Least-squares means of quarterly drug costs, evaluated in the 2010 calendar year, were presented by CD4 category in Table 3. Based on observed distributions of the additional covariates estimated in the model, drug costs were uniformly lower among later HAART initiators - $4674 (95% CI: $4632, $4716) per person-quarter among pre-1996 initiators with CD4 > 500 versus $3740 ($3716, $3764) per person-quarter for post-2003 initiators.
The fitted values of these models, based on population-level covariate values for each temporal cohort throughout the study period, were presented in Figure 2. It is important to note that those initiating treatment in the pre-HAART era incurred the highest quarterly treatment costs of any of the initiation cohorts, at $4403 per person-quarter in treatment in 2010. In each cohort, the direct costs of treatment increased over time. This increase was steepest and most pronounced for pre-HAART initiators, however it is also observed in the 1996–1999 ($1513 in 1996 to $4066 per person-quarter in 2010) and 2000–2003 ($2251 in 2000 to $3636 per person-quarter in 2010) cohorts.
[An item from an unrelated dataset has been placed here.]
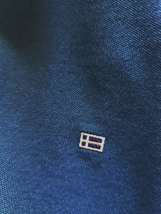 Boja je petrolej plava, na kragni bijela i crna pruga.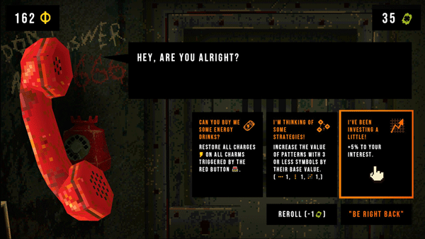 6、成功完成一项目标后,点击场景中的红色电话,可以从多个提供的效果中选择一项,应用于后续的游戏过程。

The increase is slightest in the post-2003 initiators (from $3222 in 2004 to $3664 per person-quarter in 2010).
Discussion
Our results demonstrate substantial heterogeneity in antiretroviral drug costs across individuals and over time. Recent HAART initiators incurred the lowest quarterly costs, which increased through 2006 and stabilized thereafter for those initiating treatment after 2003. Individuals initiating treatment in the pre-HAART era and continuing to receive treatment more recently incurred quarterly costs roughly 23% higher than recent HAART initiators. Within each of the HAART initiation-era cohorts, quarterly costs increased over time, reflecting the shift towards progressively more costly medication switches. The observed differences in mean quarterly costs in a given calendar year are thus influenced by individual case-mix, according to clinical stage, as well as time since HAART initiation.
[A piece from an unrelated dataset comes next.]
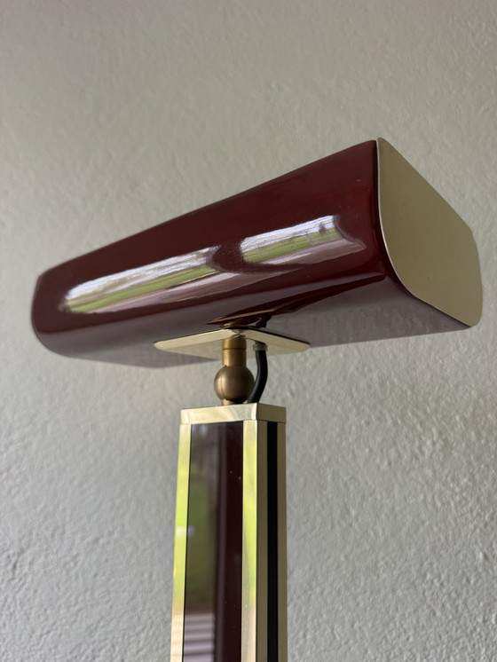 Bellissima lampada da terra alogena degli anni '70/'80 di Kott (Parigi), metallo laccato bordeaux, ottone dorato e diffusore in ceramica bordeaux; ottime condizioni generali (qualche lieve traccia del tempo) Altezza: 185 cm Larghezza base: 22,6 cm Lunghezza diffusore: 25 cm Profondità: 13,5 cm

As the paradigm for HIV treatment shifts to account for both the individual and public health benefits of HAART, the reliance on economic forecasting has, and will continue to increase (31–35). A recent review noted most analyses forecasting the effect of ‘treatment as prevention’ programs assume a uniform cost per patient, citing differences in factor prices and the scale and scope of operations as potentially influential factors (12). While these factors are fixed in BC due to centralized drug purchasing and standardized physician and pharmacy billing rates, our analysis suggests detailed cost functions for annual, population-level HAART costs should be developed according to the distribution of clients by clinical stage and era of HAART initiation. Our study thus demonstrates the importance of using a flexible cost function for current cost estimation, and subsequently for future projection in efforts to estimate the economic impact of HIV ‘treatment as prevention’ initiatives, and is directly applicable to other chronic and infectious diseases.
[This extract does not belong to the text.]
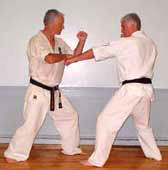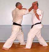 Block opponent's punches as shown, then deliver an open edge-of-hand strike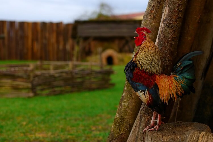 Le coq tient un rôle spécifique dans le troupeau. Lorsqu’il trouve un point d’alimentation intéressant (vers, larves, insectes), il le signale aux poules et les laisse manger sa trouvaille. Lorsqu’un prédateur s’approche ou qu’un rapace survole le troupeau, il donne l’alerte en poussant un grondement particulier. Dès qu’elles l’entendent, toutes les poules se mettent à l’abri sous un arbre ou un buisson. En cas d’attaque, le coq est celui qui fera face aux prédateurs. Il se sacrifie souvent pour donner le temps aux poules de s’enfuir.

The relationships between CD4, pVL and drug costs have not always been clearly understood and articulated in past analyses on the costs of health resource use among individuals with HIV, in part because these are commonly combined with the costs of inpatient and outpatient care (18–20). Primary care and hospital based care costs are unequivocally positively related to disease progression (measured as baseline, pre-ART CD4 cell count level), as later disease stage necessitates closer physician monitoring and carries a higher probability of inpatient care due to the occurrence of opportunistic infections, adverse drug reactions and related medical complications (20,21, -29).
Our results demonstrate modest differences in HAART costs by CD4 stratum among early initiators, and primarily not statistically significant differences in quarterly costs among recent initiators. In a recent review of the published literature on direct costs of HIV, articles disaggregating the costs of HAART from inpatient and outpatient care (published between 1999 and 2007) showed an inverse relationship between costs and CD4 cell counts similar to those found amongst early initiators in our analysis (30). In contrast, a more recent empirical study found little difference in annual HAART costs across CD4 strata among those accessing treatment (21), a result reinforced by a study modeling the lifetime costs of early HAART initiators, which estimated stable treatment costs across CD4 cell count strata among recent initiators (31). These results are consistent with those of the recent initiators in our study, and demonstrate a process pertaining to antiretroviral drug costs that is distinct from other health resource utilization patterns in HIV/AIDS.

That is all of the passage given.